The color's reputation darkened in the 19th century, when Scheele's Green and Paris Green — brilliant arsenic-based emerald pigments — coloured Victorian wallpaper, dresses, and confectionery while quietly poisoning the people around them. Safer synthetic pigments eventually replaced them.
Emerald's modern status was cemented when Pantone named it the Color of the Year in 2013, framing it as a tone of sophistication and luxury — the same associations the gemstone has carried since antiquity. That long heritage is why emerald still reads as a special-occasion, jewel-box color rather than an everyday neutral, and why it asks for the deliberate, high-contrast styling that the Winter seasons do so well.
Emerald Green vs. close cousins
vs. Forest Green
#228B22
Forest is warm-neutral and earthy; emerald is cool and jewel-toned. Forest grounds an Autumn outfit in daylight; emerald lights up a Winter one under evening light. Same word, opposite temperatures.
vs. Sage Green
#9CAF88
Sage is the muted, warm, low-chroma opposite of emerald's saturated cool clarity. Sage is a soft-season near-neutral; emerald is a Winter showpiece. Almost nothing about the two is interchangeable.
vs. Olive Green
#808000
Olive carries heavy yellow and medium value — the warm everyday green of True Autumn. Emerald carries blue and full saturation — the cool statement green of Winter. They sit on opposite sides of the temperature axis.
vs. Mint Green
#B8E6C1
Mint is emerald with the depth and saturation pulled almost all the way out — a pale, light-season pastel. Emerald is the deep, saturated maximum. Mint flatters Light Spring; emerald flatters Dark Winter.
Styling Pitfalls with emerald green
Wearing emerald when your undertone is warm and assuming any green works. Cool emerald turns golden-warm skin sallow and tired.
If you are an Autumn, switch to forest or olive — the same green family in a warm temperature that flatters rather than fights your skin.

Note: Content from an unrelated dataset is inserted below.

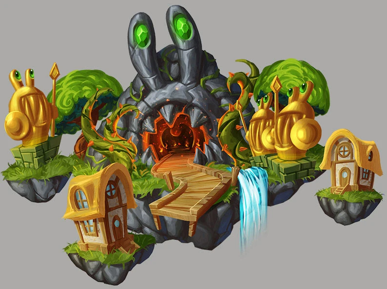 Concept art by Soosa Kim of the Chompy Cave within Chompy Mountain
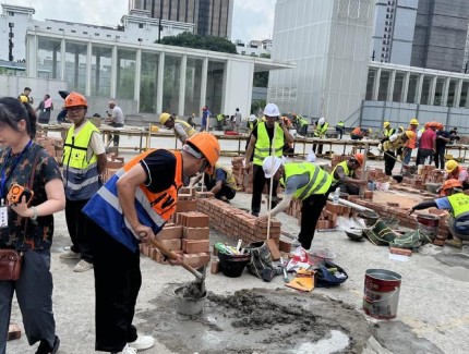 广东阳春酒店改修,砌砖师傅5~6人夫妻对

Pairing emerald with an equally saturated warm bright like marigold or pumpkin orange, creating a restless, vibrating clash.
Ground the saturation with a neutral (ivory, charcoal) or a metallic (gold, silver) so the jewel tone has somewhere to rest.
Using a dusty or greyed 'emerald' and expecting the jewel effect. Muting emerald kills the exact clarity that makes it emerald.
For a softer look choose a genuinely different color — eucalyptus or sage — rather than a muddied emerald that satisfies neither goal.
Matching emerald to a near-identical blue-green teal and hoping they read as one tone. The small hue gap reads as a mistake, not a gradient.
Either commit to a clear monochrome with deliberate value steps, or separate the two greens with a neutral so each keeps its identity.
Colors That Clash with emerald green
Pairings that look fine in theory but fall apart in practice.
Bright Orange
#FF7F00
Two high-saturation near-complementary opposites at war — the pair vibrates and reads like a sports logo rather than a styled outfit.
Warm Rust
#A0522D
Rust's earthy warmth makes cool emerald look artificial, while emerald makes rust look muddy — each color drags the other down.
Olive
#808000
Side by side, the warm yellow-green and the cool blue-green expose each other as 'wrong greens,' reading like a dye mismatch rather than a tonal pairing.
Frequently Asked Questions
Is emerald green warm or cool?+
Emerald green is cool — it carries a distinct blue undertone that distinguishes it from forest or olive.
What season is emerald green for?+
Emerald flatters Dark Winter, True Winter, and Bright Winter because of its saturation and cool undertone.
What colors go best with emerald green?+
Emerald pairs brilliantly with gold, ruby red, navy, and crisp white.